Actualités et perspectives

 

Dans la presse…

Pierre MONCHARMONT

 

Les réactions indésirables de la transfusion en pédiatrie restent mal évaluées. Récemment, une équipe britannique vient de publier une étude particulièrement intéressante sur ce sujet car couvrant une période de 9 années (Stainsby et al. Adverse outcomes of blood transfusion in children: analysis of UK reports to serious hazards of transfusion scheme 1996-2005. British Journal of Haematology 2008,141:73-79). A partir des données fournies par le système de recensement des effets indésirables graves de la transfusion [Serious Hazards of Transfusion (SHOT)], les auteurs ont totalisés de 1996 à 2005, 3239 réactions ou événements indésirables liés à la transfusion de produits sanguins labiles. Sur l’ensemble, 321 ont été observés chez des patients âgés de moins de 18 ans, soit 10% et 147 (4,5%) chez des enfants de moins d’un an.
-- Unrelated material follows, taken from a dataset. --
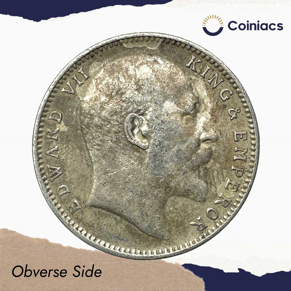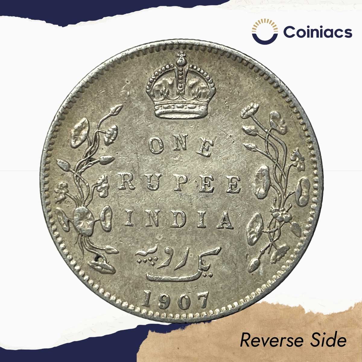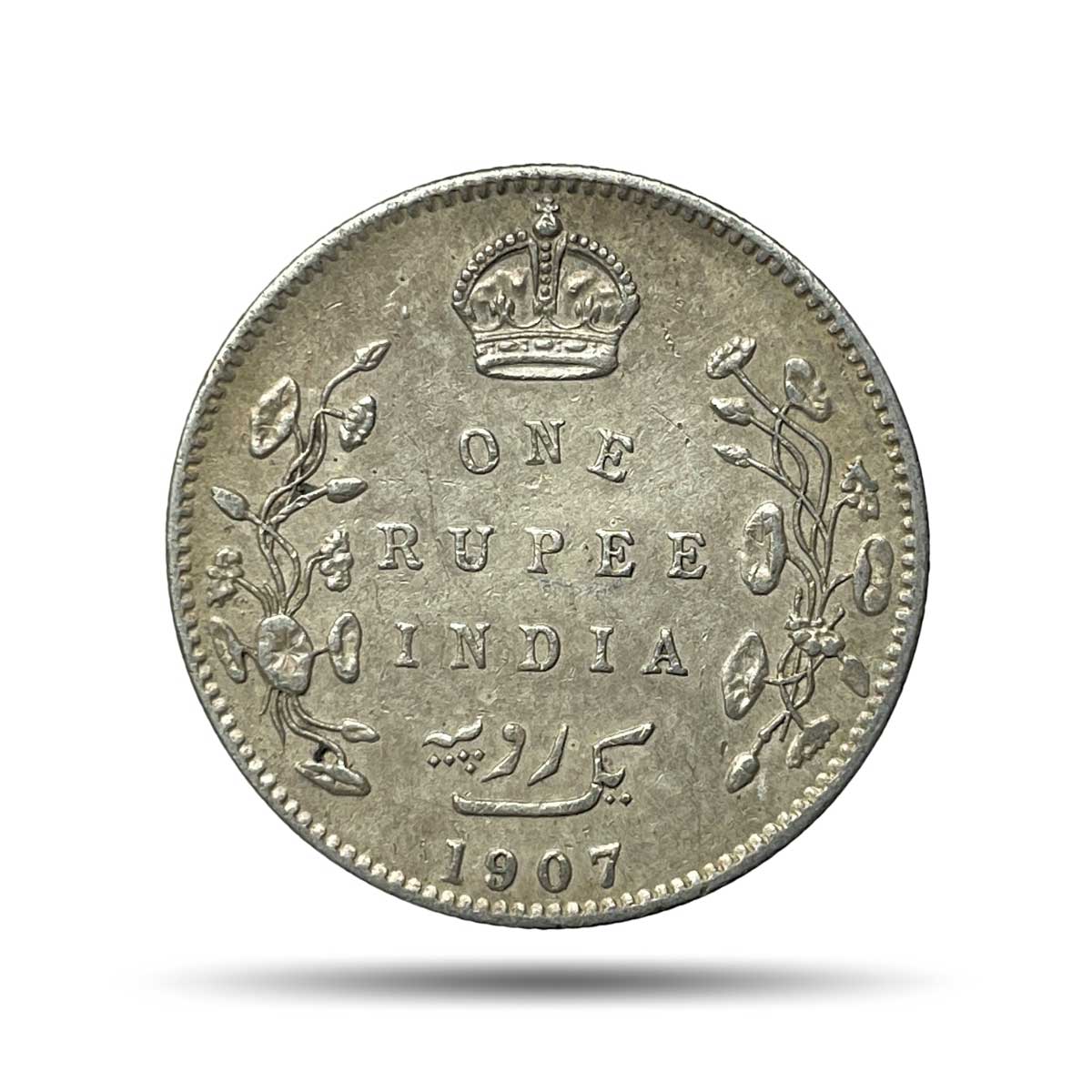 One Rupee Edward VII King & Emperor 1907 CE Bombay Mint Silver Coin, British India Uniform Coinage, Collectible.

Du point de vue des indications, la chirurgie (y compris la gynécologie obstétrique) concernait 28% des concentrés érythrocytaires, principalement la chirurgie cardio-thoracique avec un taux de 14 %. Une proportion importante (67%) des concentrés érythrocytaires était en rapport avec des patients relevant de pathologies médicales, dont un taux de 36% pour l’oncologie et l’hématologie (leucémies aiguës). Enfin, en pédiatrie, 22% des concentrés érythrocytaires étaient attribués à la transfusion néonatale. Le taux de réactions indésirables était de 18 pour 100 000 patients de moins de 18 ans. Un taux élevé (37 pour 100 000) était observé chez les enfants de moins de 12 mois. Chez les adultes, ce taux n’atteignait que 13 pour 100 000.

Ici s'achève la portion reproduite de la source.